**WHAT THE TASK ASKS:** Using the records below, repeat exactly the lines from the one holding "It is a perennial" through the one holding "Banana Republic Mens", both ends included, and no others.
[[ DATA SHOWN, beginning ]]
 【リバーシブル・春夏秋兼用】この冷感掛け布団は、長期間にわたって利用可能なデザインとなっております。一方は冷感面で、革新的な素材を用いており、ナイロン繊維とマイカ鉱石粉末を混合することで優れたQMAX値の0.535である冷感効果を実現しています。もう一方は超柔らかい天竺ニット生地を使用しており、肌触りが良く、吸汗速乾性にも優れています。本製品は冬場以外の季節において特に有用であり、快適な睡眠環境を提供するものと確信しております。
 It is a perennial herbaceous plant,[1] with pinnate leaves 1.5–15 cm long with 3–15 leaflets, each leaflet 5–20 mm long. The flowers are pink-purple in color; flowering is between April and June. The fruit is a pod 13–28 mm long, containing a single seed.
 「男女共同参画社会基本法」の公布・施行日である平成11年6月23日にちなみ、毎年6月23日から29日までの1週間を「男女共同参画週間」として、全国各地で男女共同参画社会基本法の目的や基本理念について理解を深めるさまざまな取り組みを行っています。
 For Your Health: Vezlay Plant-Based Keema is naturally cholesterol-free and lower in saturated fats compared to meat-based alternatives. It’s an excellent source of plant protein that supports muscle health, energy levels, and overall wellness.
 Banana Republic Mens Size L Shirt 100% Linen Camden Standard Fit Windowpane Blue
[[ DATA SHOWN, end ]]
[[ DATA SHOWN, beginning ]]
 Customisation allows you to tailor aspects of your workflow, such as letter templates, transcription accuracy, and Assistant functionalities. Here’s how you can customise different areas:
[[ DATA SHOWN, end ]]
**RESPONSE FOR THIS EXERCISE:**
 It is a perennial herbaceous plant,[1] with pinnate leaves 1.5–15 cm long with 3–15 leaflets, each leaflet 5–20 mm long. The flowers are pink-purple in color; flowering is between April and June. The fruit is a pod 13–28 mm long, containing a single seed.
 「男女共同参画社会基本法」の公布・施行日である平成11年6月23日にちなみ、毎年6月23日から29日までの1週間を「男女共同参画週間」として、全国各地で男女共同参画社会基本法の目的や基本理念について理解を深めるさまざまな取り組みを行っています。
 For Your Health: Vezlay Plant-Based Keema is naturally cholesterol-free and lower in saturated fats compared to meat-based alternatives. It’s an excellent source of plant protein that supports muscle health, energy levels, and overall wellness.
 Banana Republic Mens Size L Shirt 100% Linen Camden Standard Fit Windowpane Blue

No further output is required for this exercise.